::: Information supplied
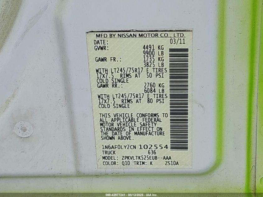 2012 NISSAN NV3500 2012 року Бензин, 5.6, Задній привід, vin - 1N6AF0LY2CN102554 з США
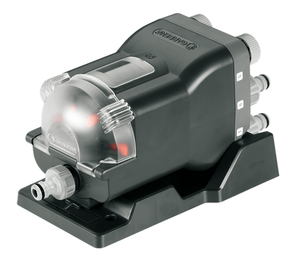 I kombination med en GARDENA Bevattningscomputer Master (1892-28), ser GARDENA Vattenfördelare automatic till att sex olika områden i trädgården bevattnas automatiskt och helt individuellt. Exempelvis kan du vattna gräsmattan med en sprinkler och sedan krukväxter, rabatter och blomlådor med ett droppbevattningssystem. Enligt programmeringen av vattendatorn öppnas vattenutgångarna automatiskt, en efter en.
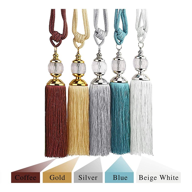 - ➤Easy To Use & No Drill: No tools and assembly required. You can directly tie crystal curtain tiebacks in curtains or use with hook. Just use curtain holdbacks for drapes in the way you like and there are 5 colors to choose from: Beige White/ Gold/ Blue/ Sillver/ Coffee to fully meet your daily need, bringing much convenience.
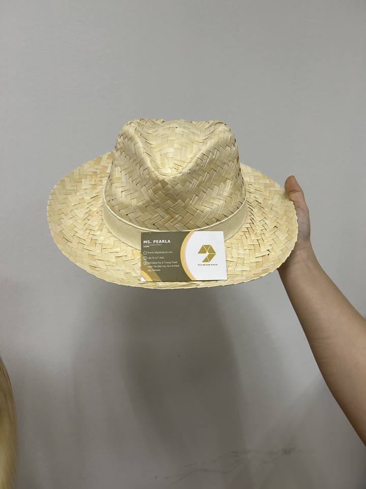 หมวกคาวบอยปีกกว้างทำด้วยมือทำจากฟางต้นปาล์มธรรมชาติสำหรับกันแดดเวียดนาม
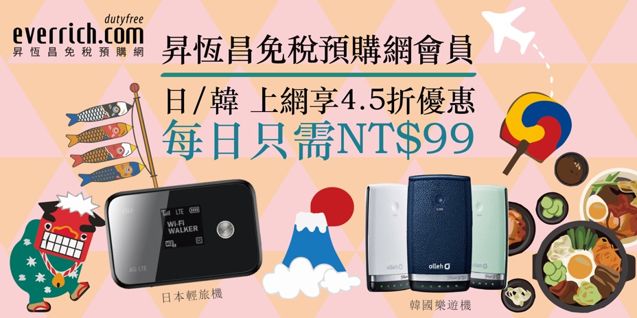 昇恆昌免稅預購網會員於活動期間預約日、韓Wi-Fi分享器,可享4.5折優惠,每天只要99元
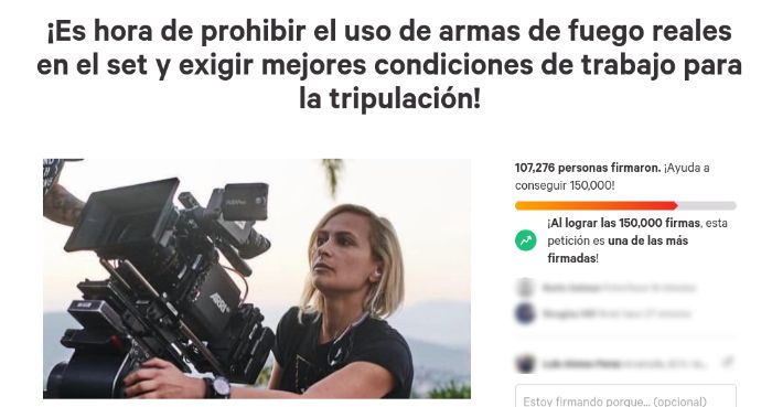 La semana pasada se inició una petición en el sitio web Change.org exigiendo la prohibición del uso de armas de fuego reales en los sets de rodaje y exigiendo mejores condiciones de trabajo para los trabajadores del cine.
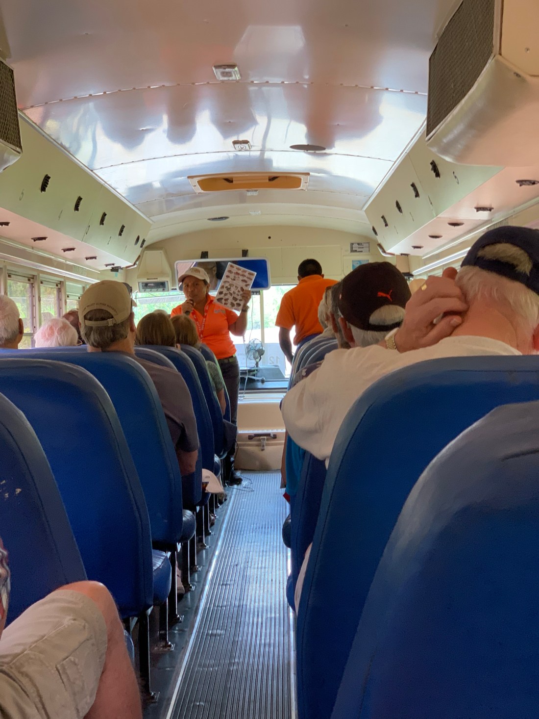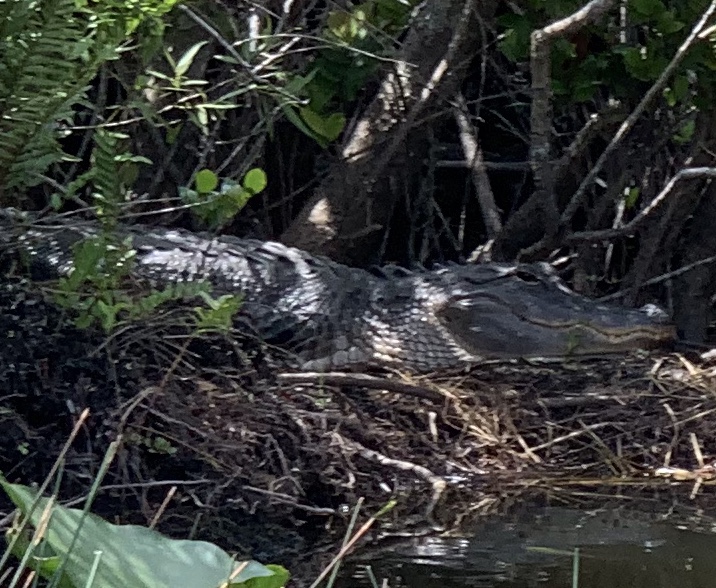 We got back on the bus for a drive to visit the Everglades Safari Park and ride an airboat which was loud and fast for a 30 minute tour. We explored nature’s River of Grass on an Eco-Adventure tour. Our guide described to us the wonders of this unique ecosystem and the native and exotic wildlife that inhabit it. We were on the hunt for alligators and found a few to look at.
::::::
How to complete this task
In the reply, give again exactly the lines from the beginning of the entries above through the line with "昇恆昌免稅預購網會員於活動期"; pictures stay out.

Response area
 2012 NISSAN NV3500 2012 року Бензин, 5.6, Задній привід, vin - 1N6AF0LY2CN102554 з США
 I kombination med en GARDENA Bevattningscomputer Master (1892-28), ser GARDENA Vattenfördelare automatic till att sex olika områden i trädgården bevattnas automatiskt och helt individuellt. Exempelvis kan du vattna gräsmattan med en sprinkler och sedan krukväxter, rabatter och blomlådor med ett droppbevattningssystem. Enligt programmeringen av vattendatorn öppnas vattenutgångarna automatiskt, en efter en.
 - ➤Easy To Use & No Drill: No tools and assembly required. You can directly tie crystal curtain tiebacks in curtains or use with hook. Just use curtain holdbacks for drapes in the way you like and there are 5 colors to choose from: Beige White/ Gold/ Blue/ Sillver/ Coffee to fully meet your daily need, bringing much convenience.
 หมวกคาวบอยปีกกว้างทำด้วยมือทำจากฟางต้นปาล์มธรรมชาติสำหรับกันแดดเวียดนาม
 昇恆昌免稅預購網會員於活動期間預約日、韓Wi-Fi分享器,可享4.5折優惠,每天只要99元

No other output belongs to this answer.